Activity: Each line of the data below should be restated exactly, with images left out.

The records:
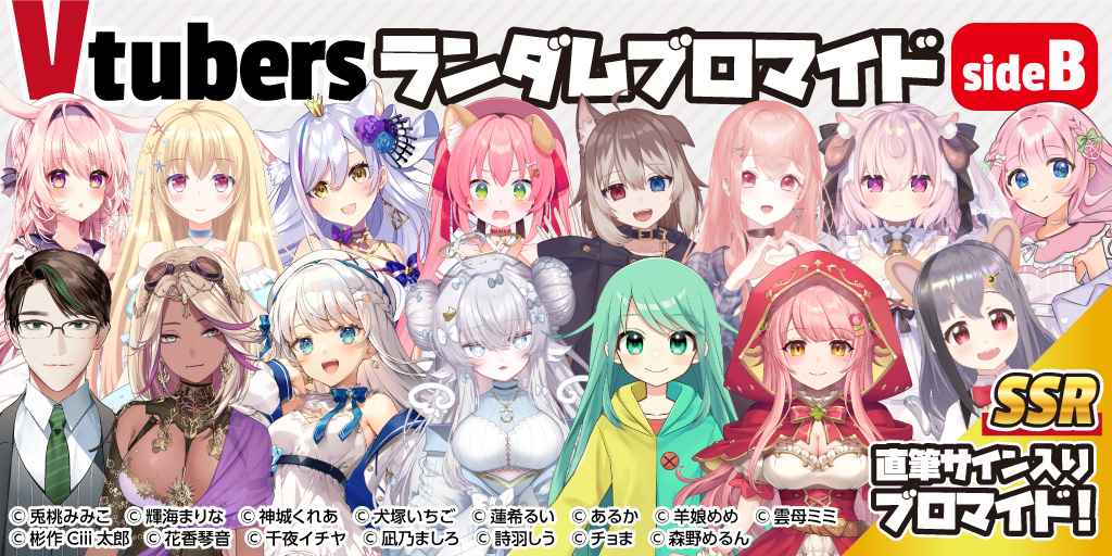 ○Vtubersランダムブロマイド sideB(全30種) ※SSRは直筆サイン入り
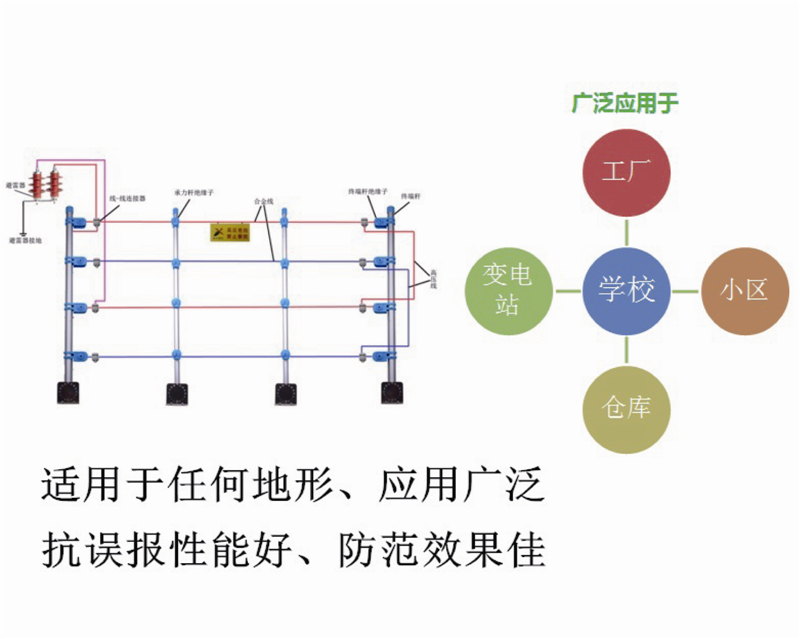 單線觸網(wǎng)報(bào)警:能識(shí)別入侵者觸碰電子圍欄前端單線,并發(fā)出報(bào)警。觸網(wǎng)報(bào)警全面革新了電子圍欄報(bào)警方式,并可區(qū)分人體與小動(dòng)物的觸碰。
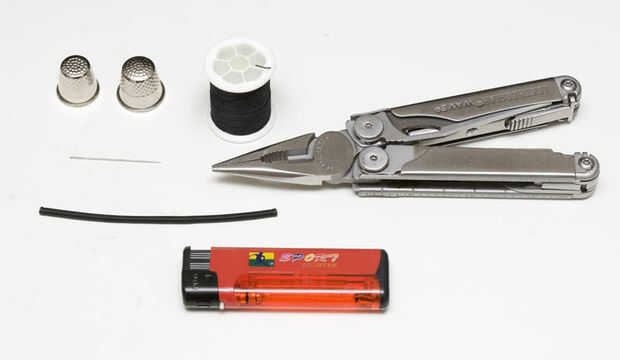 Usé un hilo de nylon fuerte porque me gusta transcurrido las cosas y esto es lo que generalmente uso en cordura, cintas y otros equipos al aire libre. Alicates son para tirar de la aguja a través de al empujar con el dedal no hacerlo (pasar por una pareja capas de cordura y el cable de descarga, por ejemplo). Llama es para terminar el cable de descarga al final de la fusión y lo harían de ese material sintético.
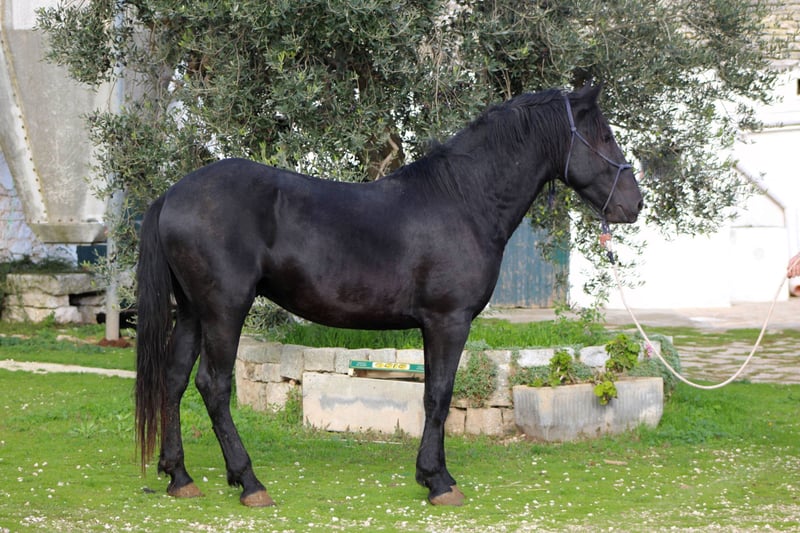T.F. Proust Tequila Open-minded, very gentle in handling, and playfully cheeky – these words aptly describe Tequila. In the round pen, Tequila is very attentive to his handler and reacts to the slightest changes in body language. He is very affectionate towards people, always up for a little joke ;-). Tequila grew up with some buddies in the herd of the breeder from whom we are now allowed to offer him. He is familiar with life on a masseria, which means: dogs, guard geese, cows, tractors, and more dogs. He has professionally learned the basics of young horse training and is now looking forward to the next steps in his education with you. Currently, Tequila is not castrated but can be upon request and will be done by the breeder (included in the price). Born in 2023, his estimated final height is around 16.1 hh. If you would like to know more about Tequila – we look forward to your message. X-ray images are available and can be viewed upon serious interest. We will also handle everything else for you – clinical pre-purchase examination, contract processing, transport to your home stable, and more. Cavallo Murgese.de – on behalf of and in cooperation with the Italian Murgese Association A.N.A.M.F.
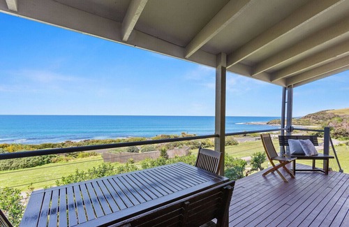 Luxury 3 bedroom apartment, with two living areas and two bathrooms. Ideal for family holidays. Spacious, fully self-contained ground floor level apartment with gorgeous ocean views, private deck with gas BBQ and outdoor dining. This apartment comes with fully equipped kitchen with hot plates, oven, microwave, large refrigerator and dishwasher. Featuring 2 Queen beds, 2 king singles and fold out sofa bed, capacity of 8. Linen and Towels provided.
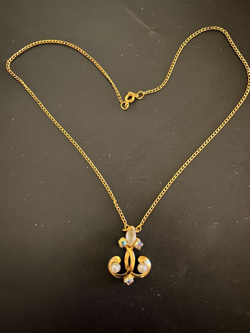 Goldtone Necklace with Freshwater Pearls & Charm. Goldtone 17" Chain
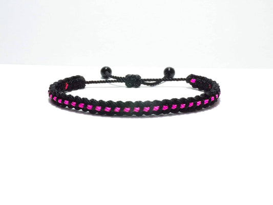 Black braided bracelet with a pink Line, adjustable wristband -new -handmade -for man & woman
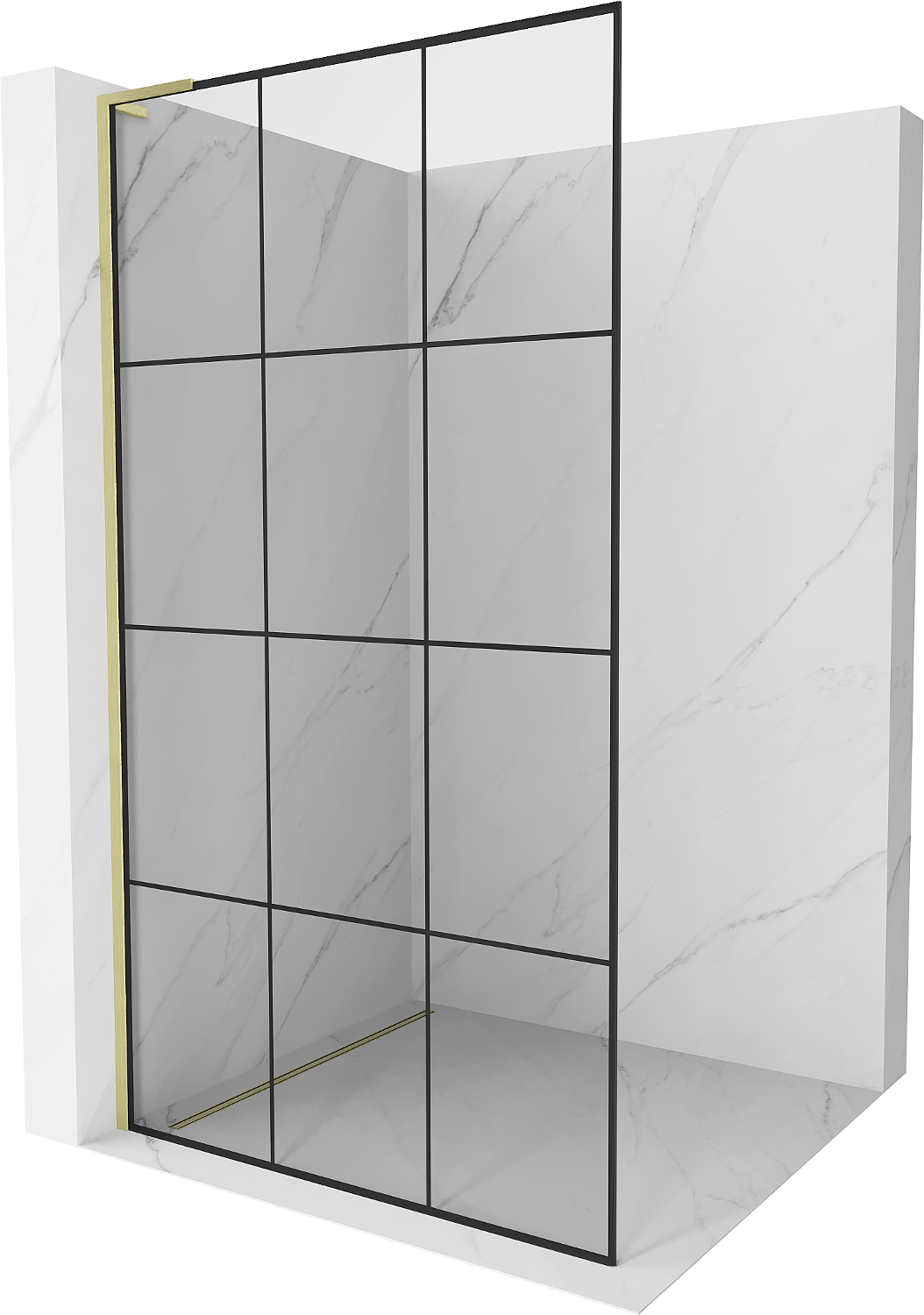 Mexen Kioto L sprchová zástěna Walk-in 120 x 200 cm, černá mřížka, zlato kartáčované - 800-120-103-55-77
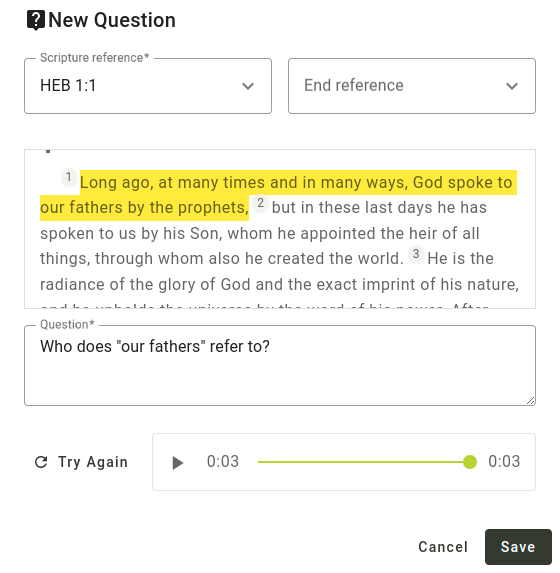 Una pregunta puede aplicarse a un solo versículo o a varios. Escribe una referencia en la casilla de referencia de la Escritura, o haz clic en la flecha desplegable para seleccionar un libro, un capítulo y un versículo. Si quieres que la pregunta abarque varios versículos, introduce una referencia final en la segunda casilla. Una vez que hayas introducido una referencia, aparecerá el texto, con los versículos que hayas elegido resaltados.
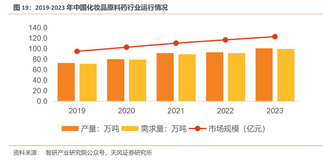 化妆品原料指应用于化妆品中的具有保湿、滋润、抗衰老、抗氧化、美白等功能的天然、合成或者提取的各种物质。智研咨询数据显示2023年我国化妆品原料行业市场规模约为122.65 亿元,产量约为101.7万吨,需求量约为99.6万吨。我国化妆品原料市场起步相对较晚,外国企业占据大部分市场份额。目前氨基酸、烟酰胺、果酸、肽类、玻色因、视黄醇、表面活性剂、防晒剂等热门原料大部分依赖进口,基本上被全球各大化妆品集团,以及巴斯夫、德之馨、道康宁等国际原料巨头所垄断。
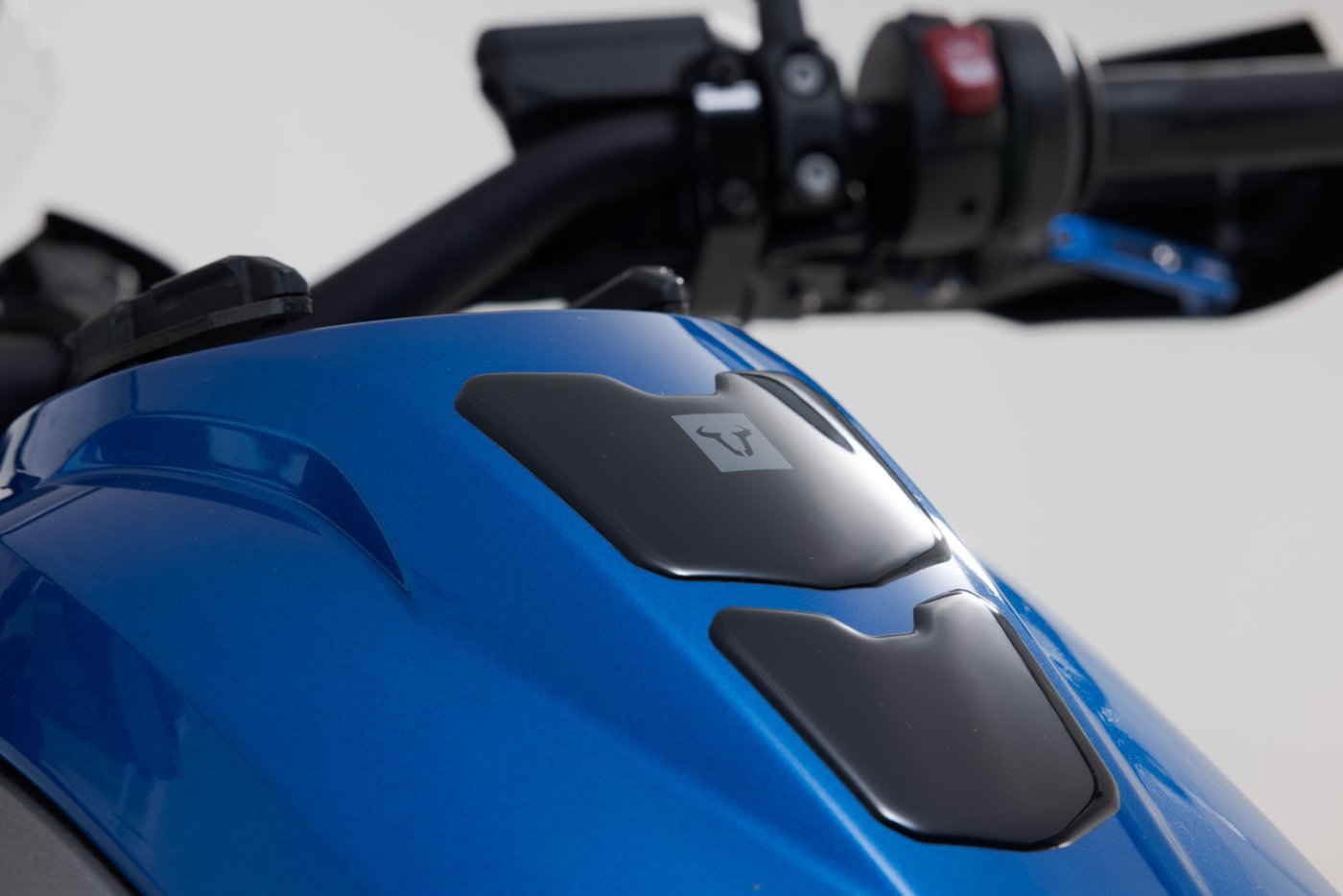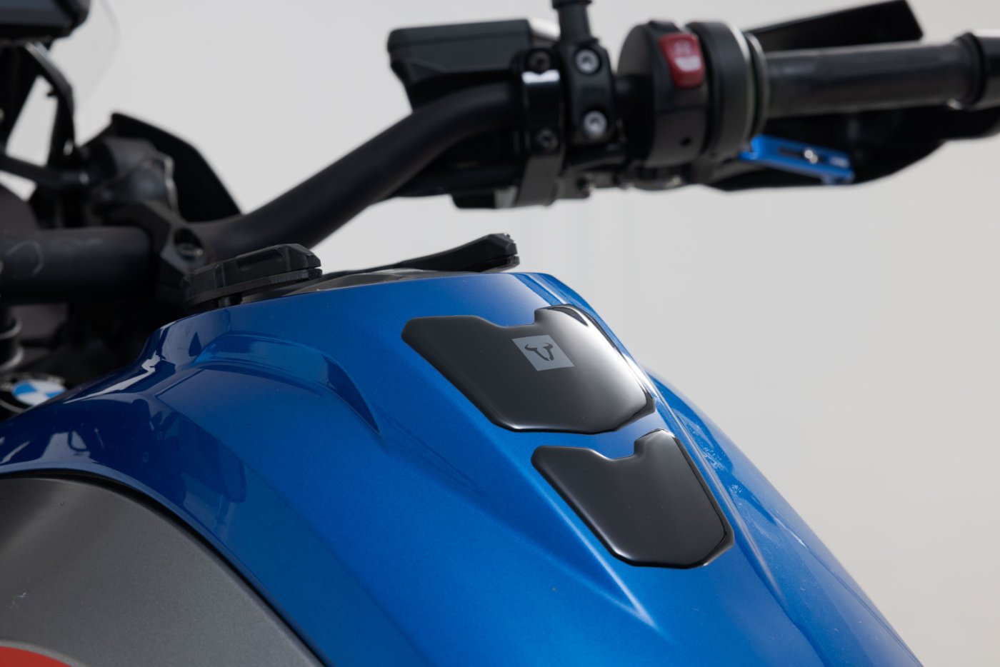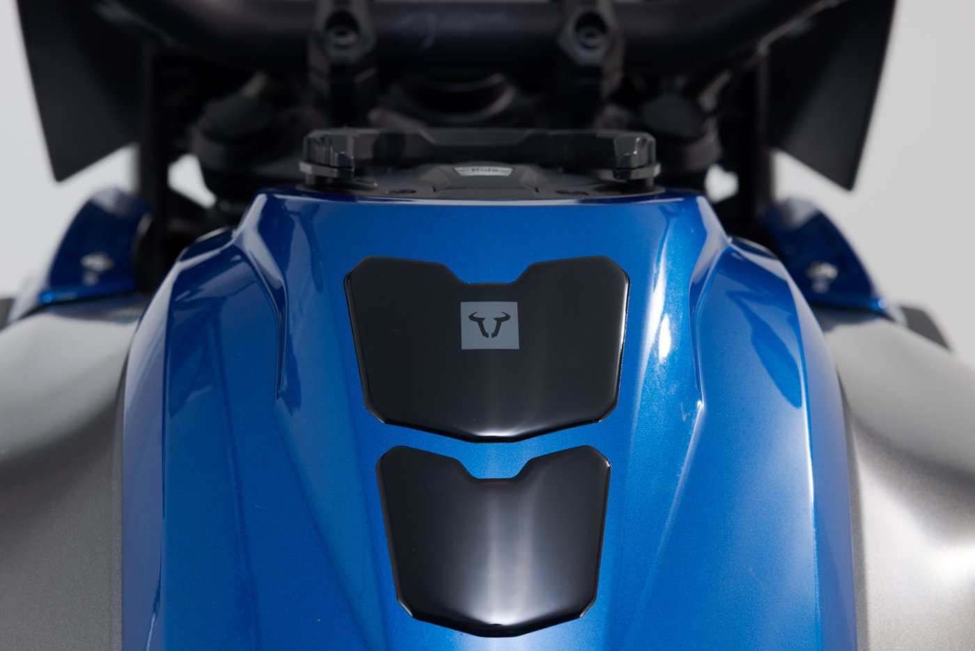 Černý tankpad s šedým logem býka může chránit váš tank před poškrábáním a poškozením. Tankpad můžete nalepit přímo na barvu na nádrži. Je odolný vůči povětrnostním vlivům a UV záření a dodává vašemu kolu individuální vzhled.

Task output:
 ○Vtubersランダムブロマイド sideB(全30種) ※SSRは直筆サイン入り
 單線觸網(wǎng)報(bào)警:能識(shí)別入侵者觸碰電子圍欄前端單線,并發(fā)出報(bào)警。觸網(wǎng)報(bào)警全面革新了電子圍欄報(bào)警方式,并可區(qū)分人體與小動(dòng)物的觸碰。
 Usé un hilo de nylon fuerte porque me gusta transcurrido las cosas y esto es lo que generalmente uso en cordura, cintas y otros equipos al aire libre. Alicates son para tirar de la aguja a través de al empujar con el dedal no hacerlo (pasar por una pareja capas de cordura y el cable de descarga, por ejemplo). Llama es para terminar el cable de descarga al final de la fusión y lo harían de ese material sintético.
T.F. Proust Tequila Open-minded, very gentle in handling, and playfully cheeky – these words aptly describe Tequila. In the round pen, Tequila is very attentive to his handler and reacts to the slightest changes in body language. He is very affectionate towards people, always up for a little joke ;-). Tequila grew up with some buddies in the herd of the breeder from whom we are now allowed to offer him. He is familiar with life on a masseria, which means: dogs, guard geese, cows, tractors, and more dogs. He has professionally learned the basics of young horse training and is now looking forward to the next steps in his education with you. Currently, Tequila is not castrated but can be upon request and will be done by the breeder (included in the price). Born in 2023, his estimated final height is around 16.1 hh. If you would like to know more about Tequila – we look forward to your message. X-ray images are available and can be viewed upon serious interest. We will also handle everything else for you – clinical pre-purchase examination, contract processing, transport to your home stable, and more. Cavallo Murgese.de – on behalf of and in cooperation with the Italian Murgese Association A.N.A.M.F.
 Luxury 3 bedroom apartment, with two living areas and two bathrooms. Ideal for family holidays. Spacious, fully self-contained ground floor level apartment with gorgeous ocean views, private deck with gas BBQ and outdoor dining. This apartment comes with fully equipped kitchen with hot plates, oven, microwave, large refrigerator and dishwasher. Featuring 2 Queen beds, 2 king singles and fold out sofa bed, capacity of 8. Linen and Towels provided.
 Goldtone Necklace with Freshwater Pearls & Charm. Goldtone 17" Chain
 Black braided bracelet with a pink Line, adjustable wristband -new -handmade -for man & woman
 Mexen Kioto L sprchová zástěna Walk-in 120 x 200 cm, černá mřížka, zlato kartáčované - 800-120-103-55-77
 Una pregunta puede aplicarse a un solo versículo o a varios. Escribe una referencia en la casilla de referencia de la Escritura, o haz clic en la flecha desplegable para seleccionar un libro, un capítulo y un versículo. Si quieres que la pregunta abarque varios versículos, introduce una referencia final en la segunda casilla. Una vez que hayas introducido una referencia, aparecerá el texto, con los versículos que hayas elegido resaltados.
 化妆品原料指应用于化妆品中的具有保湿、滋润、抗衰老、抗氧化、美白等功能的天然、合成或者提取的各种物质。智研咨询数据显示2023年我国化妆品原料行业市场规模约为122.65 亿元,产量约为101.7万吨,需求量约为99.6万吨。我国化妆品原料市场起步相对较晚,外国企业占据大部分市场份额。目前氨基酸、烟酰胺、果酸、肽类、玻色因、视黄醇、表面活性剂、防晒剂等热门原料大部分依赖进口,基本上被全球各大化妆品集团,以及巴斯夫、德之馨、道康宁等国际原料巨头所垄断。
 Černý tankpad s šedým logem býka může chránit váš tank před poškrábáním a poškozením. Tankpad můžete nalepit přímo na barvu na nádrži. Je odolný vůči povětrnostním vlivům a UV záření a dodává vašemu kolu individuální vzhled.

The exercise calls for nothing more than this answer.